§ **TASK PROMPT**
Find the string "person" in the listing and report every line that has it.

§ **ENTRIES SUPPLIED**
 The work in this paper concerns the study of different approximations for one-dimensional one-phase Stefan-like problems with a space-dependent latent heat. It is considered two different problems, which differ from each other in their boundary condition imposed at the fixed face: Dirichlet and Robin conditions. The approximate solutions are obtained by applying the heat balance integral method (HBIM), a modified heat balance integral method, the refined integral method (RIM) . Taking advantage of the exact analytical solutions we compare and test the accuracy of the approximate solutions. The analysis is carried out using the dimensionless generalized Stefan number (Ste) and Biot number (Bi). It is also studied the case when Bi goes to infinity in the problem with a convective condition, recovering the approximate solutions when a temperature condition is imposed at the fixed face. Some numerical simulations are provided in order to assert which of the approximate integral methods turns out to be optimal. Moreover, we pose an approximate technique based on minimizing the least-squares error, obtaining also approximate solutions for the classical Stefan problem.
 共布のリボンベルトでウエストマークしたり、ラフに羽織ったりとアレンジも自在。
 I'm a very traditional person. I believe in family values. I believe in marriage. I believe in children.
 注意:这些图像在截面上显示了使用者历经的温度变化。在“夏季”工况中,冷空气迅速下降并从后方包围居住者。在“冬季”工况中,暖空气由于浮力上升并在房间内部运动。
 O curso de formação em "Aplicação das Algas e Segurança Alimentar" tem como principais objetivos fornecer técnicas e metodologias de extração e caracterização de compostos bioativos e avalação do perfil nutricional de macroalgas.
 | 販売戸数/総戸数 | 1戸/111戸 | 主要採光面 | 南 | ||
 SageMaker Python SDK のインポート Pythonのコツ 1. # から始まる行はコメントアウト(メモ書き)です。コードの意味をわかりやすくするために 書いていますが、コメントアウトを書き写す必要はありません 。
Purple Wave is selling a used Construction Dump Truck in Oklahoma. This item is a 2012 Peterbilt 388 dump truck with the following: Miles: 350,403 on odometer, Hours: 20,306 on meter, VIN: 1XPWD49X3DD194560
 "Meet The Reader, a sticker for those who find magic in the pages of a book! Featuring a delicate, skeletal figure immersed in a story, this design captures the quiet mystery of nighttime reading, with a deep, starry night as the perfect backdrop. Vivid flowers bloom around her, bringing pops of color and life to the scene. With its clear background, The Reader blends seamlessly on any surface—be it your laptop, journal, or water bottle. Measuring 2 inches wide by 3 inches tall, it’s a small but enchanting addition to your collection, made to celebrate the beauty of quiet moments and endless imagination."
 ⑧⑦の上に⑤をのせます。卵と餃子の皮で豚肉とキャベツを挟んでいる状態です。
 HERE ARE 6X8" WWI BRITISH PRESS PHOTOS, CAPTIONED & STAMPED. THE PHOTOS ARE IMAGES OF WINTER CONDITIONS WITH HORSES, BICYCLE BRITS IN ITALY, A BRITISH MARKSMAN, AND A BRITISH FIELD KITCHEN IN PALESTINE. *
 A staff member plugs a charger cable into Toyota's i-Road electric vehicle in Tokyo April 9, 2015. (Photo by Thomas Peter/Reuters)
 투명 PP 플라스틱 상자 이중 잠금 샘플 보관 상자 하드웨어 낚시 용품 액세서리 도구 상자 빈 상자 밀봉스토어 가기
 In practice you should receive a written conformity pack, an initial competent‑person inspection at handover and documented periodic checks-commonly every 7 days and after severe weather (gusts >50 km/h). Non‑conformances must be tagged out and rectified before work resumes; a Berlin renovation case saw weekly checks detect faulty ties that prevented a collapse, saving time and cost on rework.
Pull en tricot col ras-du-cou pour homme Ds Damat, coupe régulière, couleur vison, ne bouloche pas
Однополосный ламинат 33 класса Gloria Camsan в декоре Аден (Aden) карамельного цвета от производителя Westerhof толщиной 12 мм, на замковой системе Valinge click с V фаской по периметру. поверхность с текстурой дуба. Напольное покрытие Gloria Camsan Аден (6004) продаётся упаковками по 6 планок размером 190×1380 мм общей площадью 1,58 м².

§ **EXERCISE SOLUTION**
 I'm a very traditional person. I believe in family values. I believe in marriage. I believe in children.
 In practice you should receive a written conformity pack, an initial competent‑person inspection at handover and documented periodic checks-commonly every 7 days and after severe weather (gusts >50 km/h). Non‑conformances must be tagged out and rectified before work resumes; a Berlin renovation case saw weekly checks detect faulty ties that prevented a collapse, saving time and cost on rework.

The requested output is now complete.